Intelligent transportation is a growing sector that seeks to apply the latest advancements in technology to improve the safety and efficiency of all forms of transport. Some common examples of intelligent transport include the cameras on the 407ETR, digital signs along the major highways that advise drivers of traffic conditions ahead, red light cameras at busy intersections, and sensors embedded in roadways to measure traffic flow and volume.
Glendon’s third-year marketing and consumer economics course (GL ECON 3245) combines theories from microeconomics with behavioural psychology to understand the numerous, often complex factors that drive individual consumption choices. The implications of these factors are enormous for firms in an increasingly competitive, dynamic market. The course uses interactive cases and exercises to examine various models predicting consumer behaviour, product life-cycle theory, strategies for pricing and promotion, and what makes for an effective advertising campaign.
Each year’s curriculum includes a major group project for the course. This year, the students had the exciting opportunity of partnering with ITS Canada, a non-profit organization focusing on intelligent transportation. Their task was to develop a marketing strategy intended to raise awareness about the Society and to expand ITS Canada’s membership base.
Students in the Glendon marketing and consumer economics course
“ITS Canada comprises some of Canada’s top technology firms in the transportation field, as well as government agencies and universities from across Canada”, says Carl Kuhnke, ITS Canada’s Executive Director. “Our interest in this project is to stimulate thought with the students about how an organization designed to be non-profit can ultimately assist its profit-making members to take advantage of opportunities in Canada and around the world. We are also hoping to raise the profile of the Intelligent Transportation Systems field, and its importance in the economic and social well-being of the country.”

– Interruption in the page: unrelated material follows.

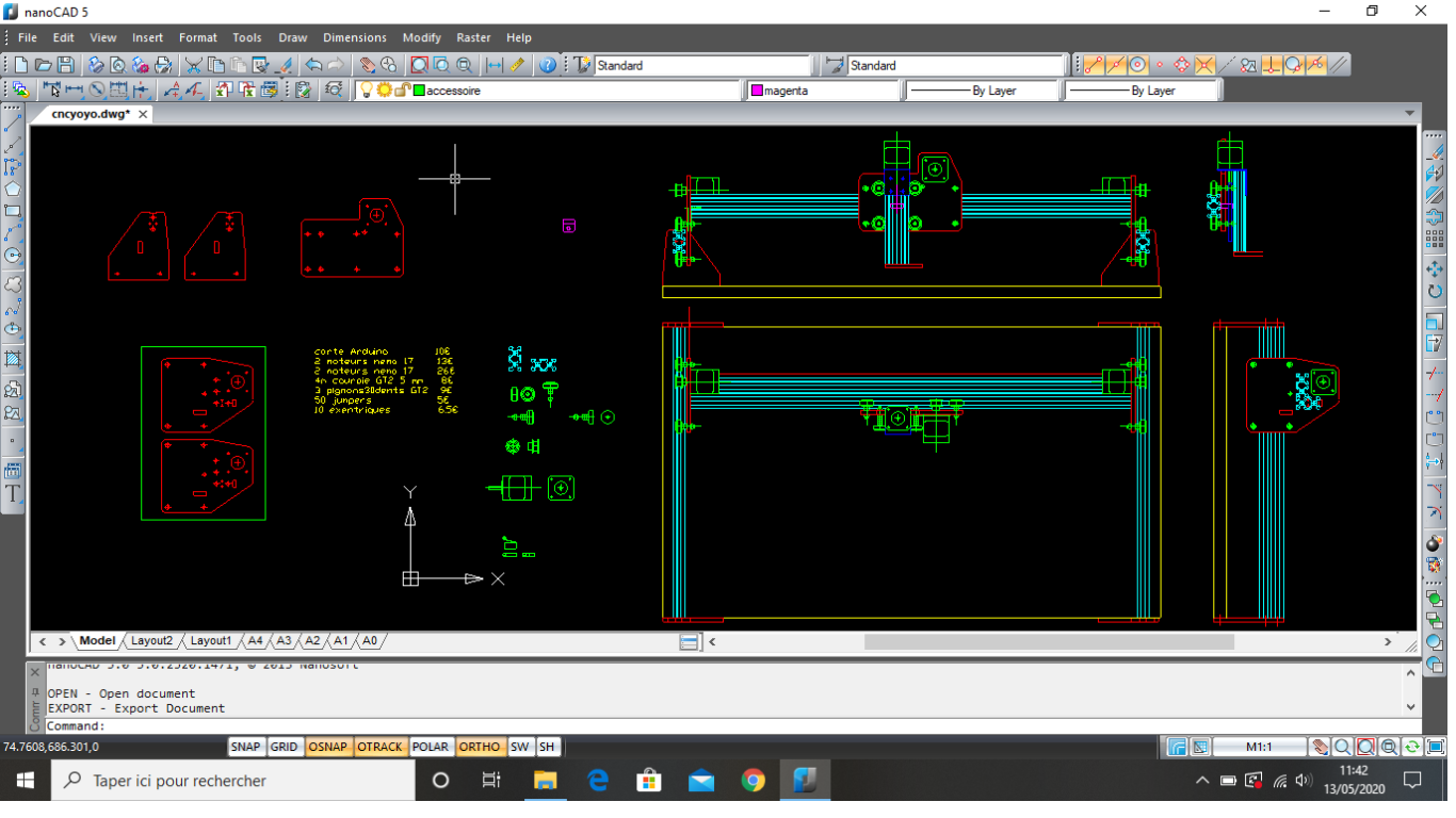 Première étape, réalisation du plan de la CNC sur nanoCAD.

Bilingualism was an important factor in formulating this project. Since the Society has members across Canada, ITS Canada was particularly eager to work with Glendon students, because they have the ability to work in both official languages.
“Students in the course reap many benefits from this experience”, says course director Danielle Lamb. ”In addition to the unique challenges inherent in devising a marketing strategy for a non-profit corporation, they also have the opportunity to gain hands-on marketing experiences, the occasion to network and learn from professionals in the industry, as well as develop a tangible example of their work to take with them into the labour market.”